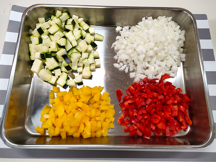 3パプリカ、ズッキーニ、タマネギをみじん切りにします。
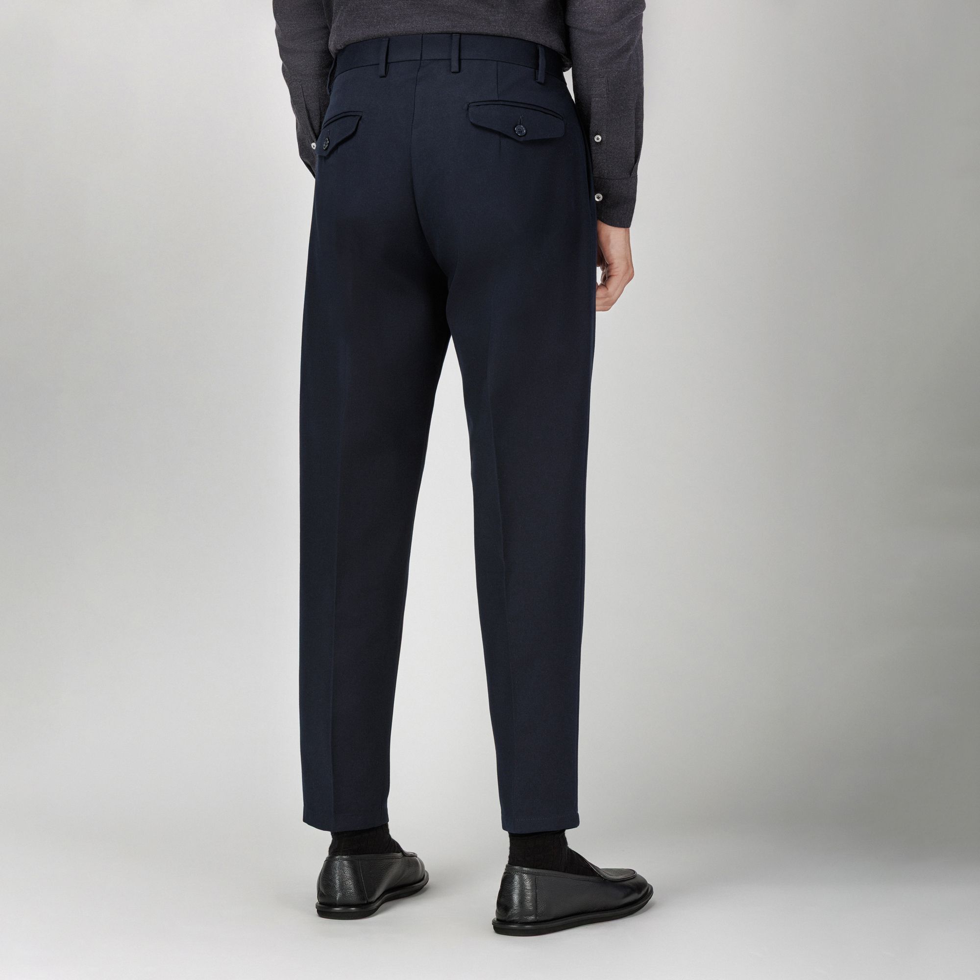 Κατασκευασμένο από εκλεκτό μείγμα παρθένου μαλλιού και Pima βαμβακιού σε twill ύφανση, αυτό το μπλε σκούρο παντελόνι ανδρικό συνδυάζει την ανθεκτικότητα στο τσαλάκωμα με την εξαιρετική διαπνοή και τη κομψότητα. Το μοντέλο Japan ξεχωρίζει για φαρδιά γραμμή με τη διπλή πιέτα και το cropped μήκος του που στενεύει διακριτικά προς τον αστράγαλο, δημιουργώντας μια σύγχρονη και εκλεπτυσμένη σιλουέτα.
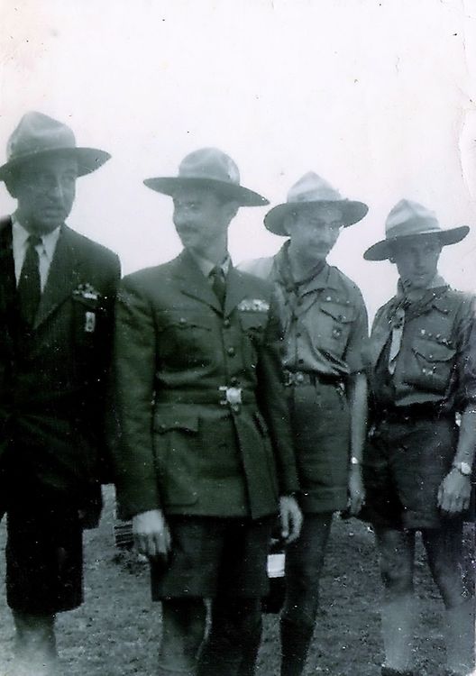 En 1957, S.A.R. le prince Jean, en sa qualité de chef scout du G.D.de Luxembourg, a visité le Jamboree de Sutton Coldfield en Angleterre en compagnie de M.Robert Schaffner ( à gauche). A cette occasion, il a été reçu par une délégation de scouts luxembourgeois.

### EXERCISE DIRECTIONS:
Your task is to reproduce exactly the lines from the start of the data above through the line containing "Κατασκευασμένο από εκλεκτό", leaving every picture out.

### ANSWER TO THIS TASK:
 3パプリカ、ズッキーニ、タマネギをみじん切りにします。
 Κατασκευασμένο από εκλεκτό μείγμα παρθένου μαλλιού και Pima βαμβακιού σε twill ύφανση, αυτό το μπλε σκούρο παντελόνι ανδρικό συνδυάζει την ανθεκτικότητα στο τσαλάκωμα με την εξαιρετική διαπνοή και τη κομψότητα. Το μοντέλο Japan ξεχωρίζει για φαρδιά γραμμή με τη διπλή πιέτα και το cropped μήκος του που στενεύει διακριτικά προς τον αστράγαλο, δημιουργώντας μια σύγχρονη και εκλεπτυσμένη σιλουέτα.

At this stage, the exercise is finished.